Il designer inizia dall’eliminare le forme consuete associate all’Alta Moda: niente gonne, né delicati, fragili abiti da favola; ma mette in primo piano capi che solitamente non rientrano in tale contesto, come pantaloni e bomber.

(…) Questi sono abiti che danno consapevolezza del proprio corpo, che fanno pensare a come ci si muove nel mondo”, spiega una nota incantevolmente scritta per mano dello stesso Roseberry. Così, quasi come un bustier metallico, la pelle modellata su un busto femminile ricorda la sagoma scolpita di un uomo su un busto femminile; strutture in maglia vengono ingegnosamente incastonate nelle giacche per assottigliare il punto vita e deviare il volume sulle spalle; un paio di jeans in denim viene rivisitato in seta duchesse slavata e impreziosito da lucchetti dorati. Serpenti tridimensionali ricamati ed impreziositi di cristalli sembrano sul punto di prendere vita propria dai rever di una giacca; un sinuoso abito in jersey di seta con uno strascico di diversi metri viene sorretto da un paio di orecchini.

Le tecniche impiegate e i tessuti sono tutti ugualmente dirompenti e imprevedibili, spesso alludendo anche ai numerosi codici e look inventati dalla fondatrice stessa del brand, come il lucchetto, reinterpretato come una rigida minaudière; o il metro da sarta trasformato in uno strascico esagerato in faille di seta.

Un simile approccio è visibile in Pierpaolo Piccioli, che per Valentino mette in discussione i classici rituali e processi dell’Alta Moda, rinnovando la sua idea di Couture attraverso abiti pensati per esprimere sé stessi, così come ognuno desidera.

La chiama “Couture ricodificata” nelle note della Maison: di fatto la moda di Piccioli, se dapprima ammalia, ben presto stupisce e spiazza, giacché non è ciò che ci si aspetterebbe da una tradizionale passerella di Alta Moda. Spogliati da ogni evidente ornamento, di stampe, orpelli od infiorettature, gli abiti sono fatti di un’estrema sottrazione estetica che comunica tutto tranne che un sentimento romantico, sensibile, “umano”, ma piuttosto un freddo e silenzioso distacco.

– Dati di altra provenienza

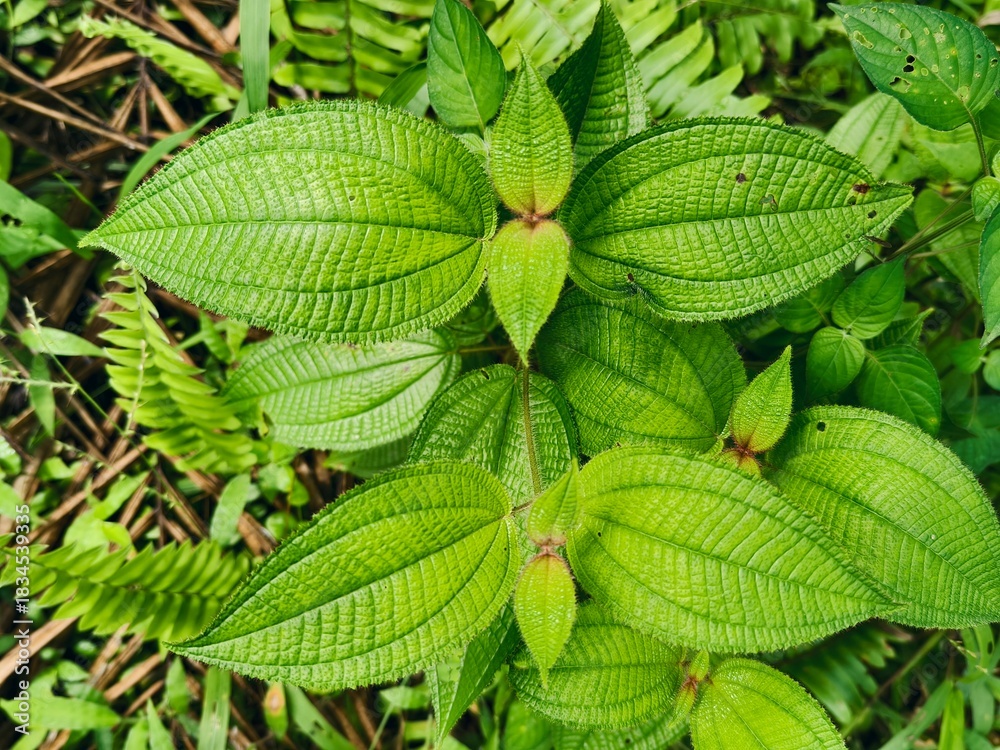 The Clidemia hirta plant grows wild in the tropical nature of Kalimantan

Lunghi volumi torreggianti e monocromatici si sviluppano sotto forma di mantelle regali e abiti seconde peau, lasciando via via spazio a bagliori acrilici e cromatismi fluorescenti che spaziano dal rosa shocking al verde all’arancio, spesso declinati in dolcevita che si intravedono da sotto outfit cromaticamente più neutri. Cappotti decostruiti si aprono bruscamente rivelando una costruzione non convenzionale. Niente pizzi né chiffon né ricami intricati per gli abiti da principessa e le ampie gonne a ruota, ma scuba tecnico e tessuti a rete di derivazione sportiva, trasposti in versione fluorescente e abbinati a capi di sapore urban, come canottiere e felpe con cappuccio senza maniche. Per dirla à la Valentino, è certamente un “codice che, pur rimanendo eterno, si rigenera all’infinito”.